Some individuals will break every law in existence - it doesn't mean the laws shouldn't be in place.


----------



## i-rui (Sep 13, 2006)

Lars said:


> Some individuals will break every law in existence - it doesn't mean the laws shouldn't be in place.


of course not. but we already have a reasonable .008 law in place. 

to go to zero tolerance (by it's very definition that not one iota of alcohol will be tolerated) is unreasonable. that's the point.


----------



## hhk (May 31, 2006)

Let's just keep piling on new laws so that personal responsibility gets thrown out the window and we simply comply with legislation to control our behaviour. 

It's all kneejerk and politically motivated.
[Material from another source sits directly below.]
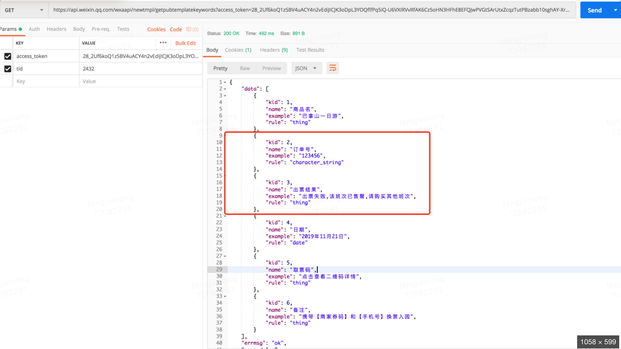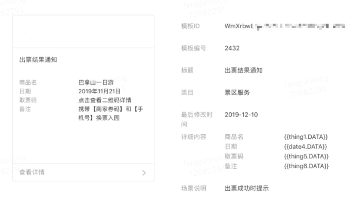 问题:通过subscribeMessage.getPubTemplateKeyWordsById的http接口调用方式获取模板编号为2432的模板下关键词列表,接口返回结果中比微信模板申请后台的详细内容关键词多了两个字段(订单号和出票结果)。

Let's see, what law can we pass that will be popular amoung the voting, law-and-order demographic? I know - let's stick it to the kids again. Hell, they don't vote anyways.


----------



## rgray (Feb 15, 2005)

hhk said:


> Let's just keep piling on new laws so that personal responsibility gets thrown out the window and we simply comply with legislation to control our behaviour.
> 
> It's all kneejerk and politically motivated.
> 
> Let's see, what law can we pass that will be popular amoung the voting, law-and-order demographic? I know - let's stick it to the kids again. Hell, they don't vote anyways.


The answer seem pretty simple to this, does it not?
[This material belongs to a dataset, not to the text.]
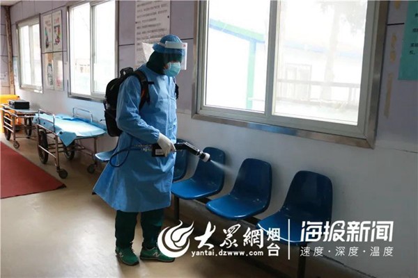 医护人员使用新型喷雾消毒设备开展消毒工作
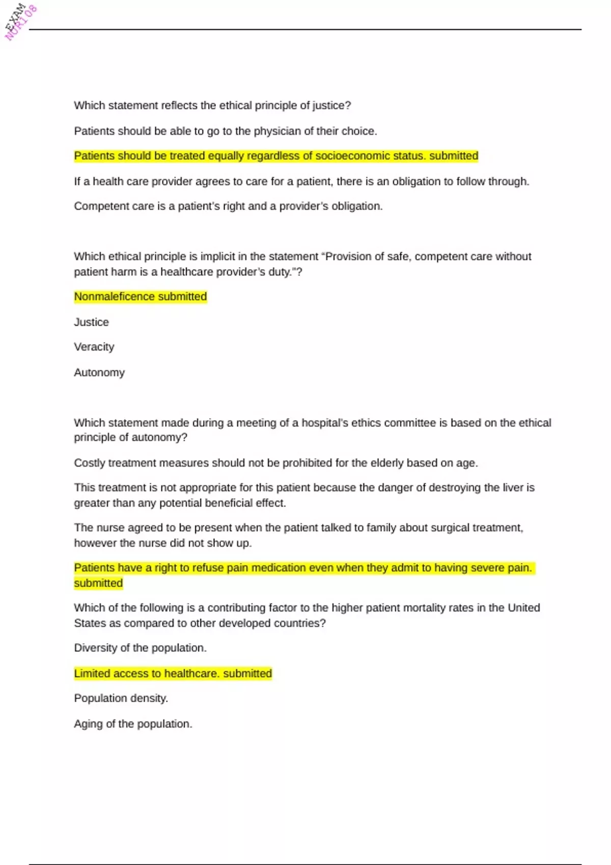 Which statement reflects the ethical principle of justice? Patients should be able to go to the physician of their choice. Patients should be treated equally regardless of socioeconomic status. submitted If a health care provider agrees to care for a patient, there is an obligation to follow through. Competent care is a patient’s right and a provider’s obligation. Which ethical principle is implicit in the statement “Provision of safe, competent care without patient harm is a healthcare provider’s duty.”? Nonmaleficence submitted Justice Veracity Autonomy

They should vote. If you are old enough to drink, you are old enough to vote.

If you don't vote then all the whining about bad legislation is just that - whining.


----------



## Amiga2000HD (Jan 23, 2007)

Why target young people only? I don't understand: why it should be ok for my 60 year old dad to drive home from a wedding and blow into the dead band between .05 and .08 when he got RIDE checked but not a 20 year old?


----------



## FeXL (Jan 2, 2004)

hhk said:


> It's all kneejerk and politically motivated.
> 
> Let's see, what law can we pass that will be popular amoung the voting, law-and-order demographic?


Bingo!

Much the same as many infractions which were already covered under existing legislation (eg. cell phone use) or laws that govern effect rather than cause (eg. seat belts) or laws that were created to address a particular area with no knowledge of that area (eg. motorcycle helmet laws).


----------



## dona83 (Jun 26, 2005)

Why not just leave the zero tolerance for drivers still in the graduated licensing program (I didn't get my full drivers license until days before i turned 25, so zero tolerance until then!) in conjunction with the .05 laws that apply to everybody? Perhaps they should lower it to .04 even.


----------



## hhk (May 31, 2006)

FeXL said:


> Bingo!
> 
> Much the same as many infractions which were already covered under existing legislation (eg. cell phone use) or laws that govern effect rather than cause (eg. seat belts) or laws that were created to address a particular area with no knowledge of that area (eg. motorcycle helmet laws).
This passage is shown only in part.